Letter to Richard Stegemann, March 26, 1885


ENGELS TO RICHARD STEGEMANN

IN TÜBINGEN

[Draft]

[London,] 26 March 1885

Dear Sir,

I hardly imagine that I would be capable of acceding to your request.[1] You might, it is true, be able to produce a fairly clear portrait of Marx the man from all the activities, both literary and political, Marx engaged in; information on these activities is of course freely available to the world at large, with the single exception of Germany, most of the requisite material having appeared abroad. On the other hand, a character sketch by me would necessarily be brief, hence not only inadequate but[2] dogmatic and likewise 'belletristic', hence worse than nothing at all. Besides I cannot presume that my assessment should be taken by you for gospel, and so could not tell what would ultimately become of my contribution, even having regard to your indisputable bona fides. If, however, you proceed on the assumption that Marx was the exact opposite of the German philistine in every conceivable respect, you can't go far wrong.

Whether this is now the precise moment for a critique of Marx, what with the 2nd book of Capital due to appear in a month or two and with work proceeding on the 3rd, is for you to decide.
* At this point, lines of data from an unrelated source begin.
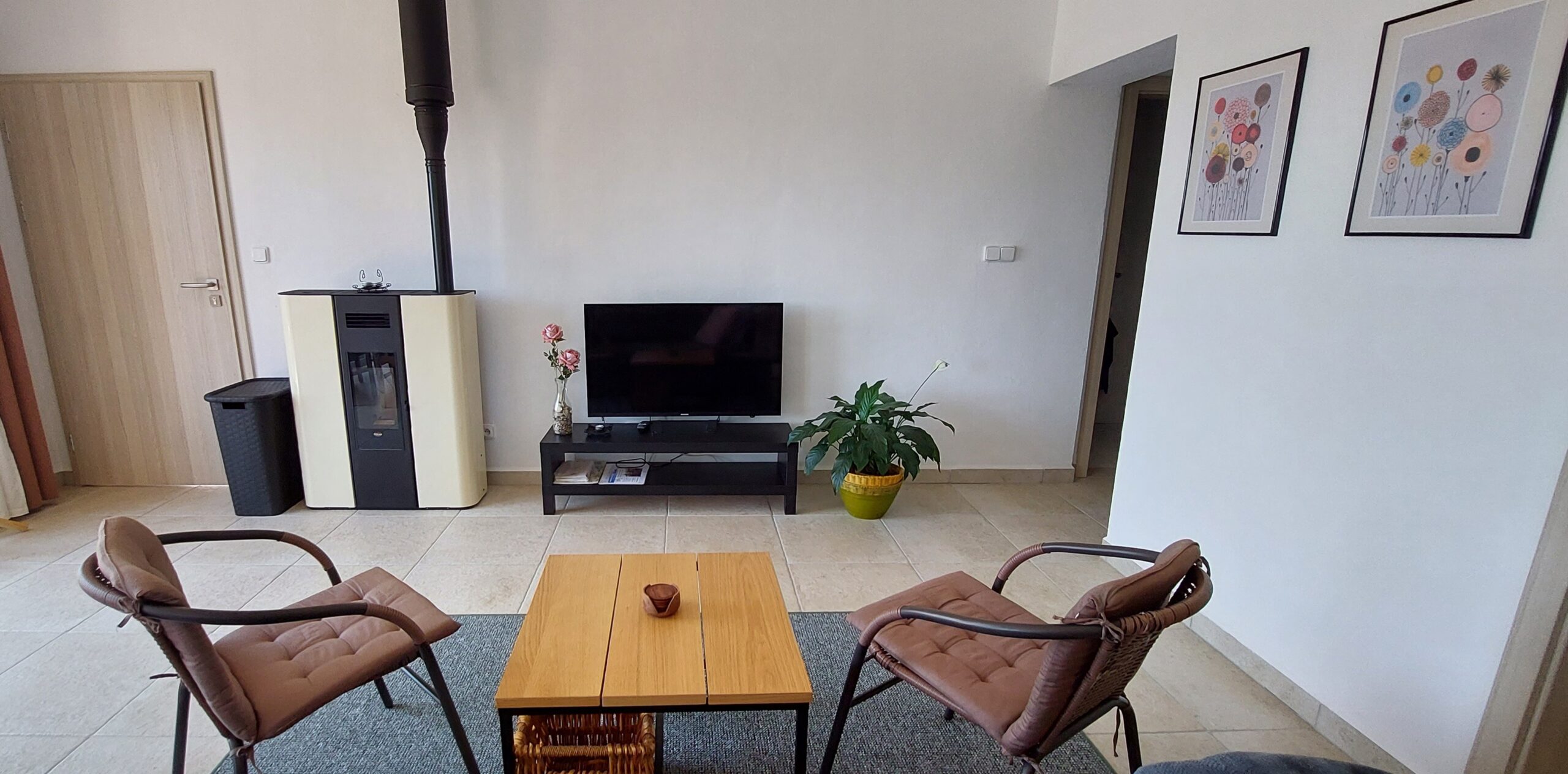 Kamna na pelety s proskleným topeništěm dodávají obytné místnosti příjemnou atmosféru. V žádných dalších místnostech není možnost topení. Ložnice se vytápí těmito kamny z obytné místnosti, které jsou kapacitně na vytápěnou plochu dostačující. Kamna se spouští automatickým ovládáním – samo – zážehem. Jde tedy o velmi komfortní způsob topení.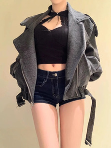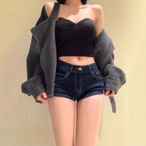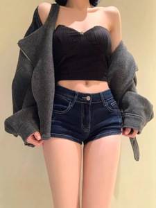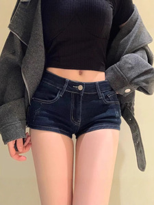 アメリカンスタイルのローウエスト超短パン、タイトフィットでセクシーな伸縮性のあるヒップハグショーツ、夏に外で履くためのダークブルーのデニムショートパンツ、着痩せ効果あり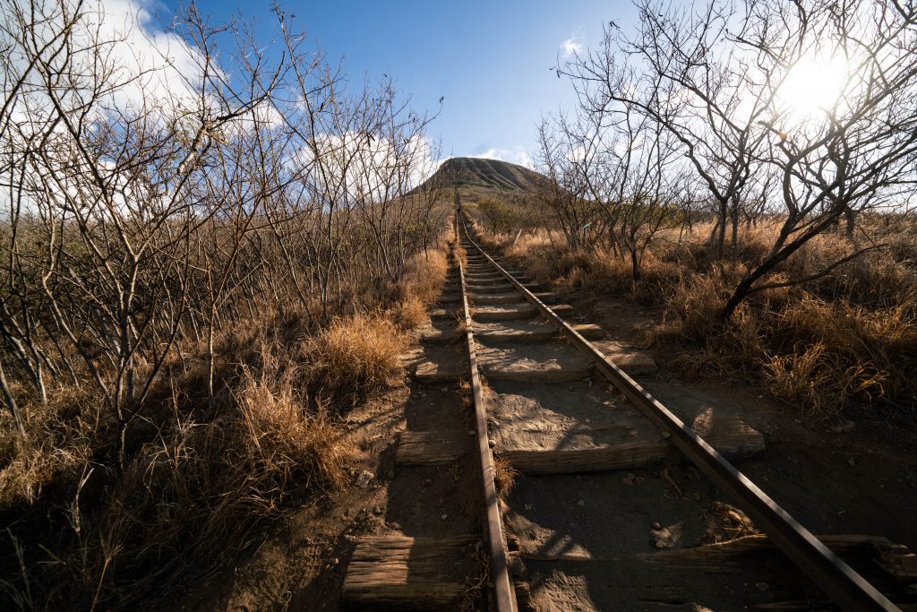ホノルルから車で東に30−40分程度です。無料駐車場があります。ハナウマ湾の隣に巨大な丸い山があり、ココクレーターと呼ばれています。この山の頂上には第2次世界大戦中に電波基地が置かれていたため、物資運搬のためのレールが残っています。このレールに沿ってひたすら真っすぐ登っていきます。

At all events you are right in saying that criticism and so-called 'scholarship' have disclosed nothing hitherto save a 'general lack of judgment', and no one was more amused by that than Marx himself. I can still see him laughing over the despairing sighs of Mr Schäffle who had studied Capital for ten years and still hadn't understood it.[3]

  1. On 21 March 1885 Richard Stegemann asked Engels to let him know where he could obtain personal information about Marx for inclusion in a work he was preparing for the press about the latter's economic doctrine. Stegemann requested Engels, in the absence of printed sources for a biography of Marx, to send him his own thoughts about Marx as a man.